The primary comorbidities observed in both patient groups were cerebrovascular diseases, hypertension, and respiratory system diseases. Co-infections with Aspergillus and Klebsiella pneumoniae were the most common pathogens, differing from previous findings.19 These differences underscore the importance of research tailored to specific populations and regions. Notably, ICU patients often present with multiple complications during their disease progression. The higher incidence of MODS in the eravacycline group indicates a more severe baseline condition compared to the tigecycline group. MODS is a severe condition often associated with rapid clinical deterioration and increased treatment complexity.20 Both groups received other antibiotics before initiating the target drugs, with the eravacycline group experiencing a longer duration of prior antibiotic use and a delayed initiation of eravacycline compared to tigecycline. This delayed initiation might explain the lack of significant therapeutic advantage of eravacycline over tigecycline. According to national and international guidelines, combination therapy is a cornerstone of CRAB infection management.11–13 In this study, the most common combination regimens with the target drugs were meropenem and polymyxin, with clinicians tailoring regimens based on treatment efficacy.

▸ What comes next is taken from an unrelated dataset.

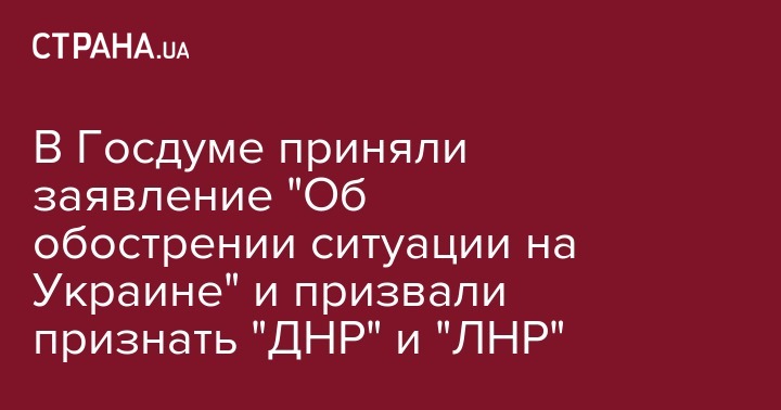 В Госдуме приняли заявление "Об обострении ситуации на Украине" и призвали признать "ДНР" и "ЛНР"

As a broad-spectrum antibiotic, eravacycline demonstrated superior in vitro antibacterial activity against CRAB and higher lung tissue concentrations compared to tigecycline, which likely explains the observed improvements in 30-day mortality and bacterial clearance rates in the eravacycline group in this study.8,21 Though these outcomes lower than previously reported levels in eravacycline-treated CRAB infections, but no differences were observed between the two groups in infection symptom resolution or clinical cure rates.19 Notably, infectious disease consultations improved clinical outcomes.22 Patients receiving eravacycline-based regimens after consultation experienced a significant reduction in 30-day mortality. Furthermore, timely consultation within 48 hours of the initial culture enhanced patient outcomes, highlighting the importance of early and appropriate medical intervention.Safety is another critical consideration. In this study, adverse reactions were less frequent in the eravacycline group compared to the tigecycline group. When compared with meropenem-polymyxin combinations, eravacycline combined with either meropenem or polymyxin showed a lower incidence of adverse reactions,23 underscoring its favorable safety profile.
Conclusion
This study confirms that eravacycline-based combination therapy is a clinically viable alternative to tigecycline-based regimens for CRAB pneumonia in ICU patients, with comparable efficacy outcomes. Early administration of eravacycline following culture confirmation was associated with improved clinical prognosis and reduced mortality. Additionally, outcomes in complex infections were improved by early consultation, particularly infectious disease consultation. While this study provides clinically relevant insights, its single-center retrospective design and limited sample size necessitate cautious interpretation due to potential confounding factors. To address these limitations, large-scale multicenter prospective trials are urgently needed to validate the findings.
Ethics Approval and Consent to Participate
This study was approved by the Medical Ethics Committee of Henan Provincial People’s Hospital (No. 120-2023) with a waiver of informed consent because of the retrospective nature of the study.This study complies with the Declaration of Helsinki.
Disclosure
The authors declare no conflicts of interest in this work.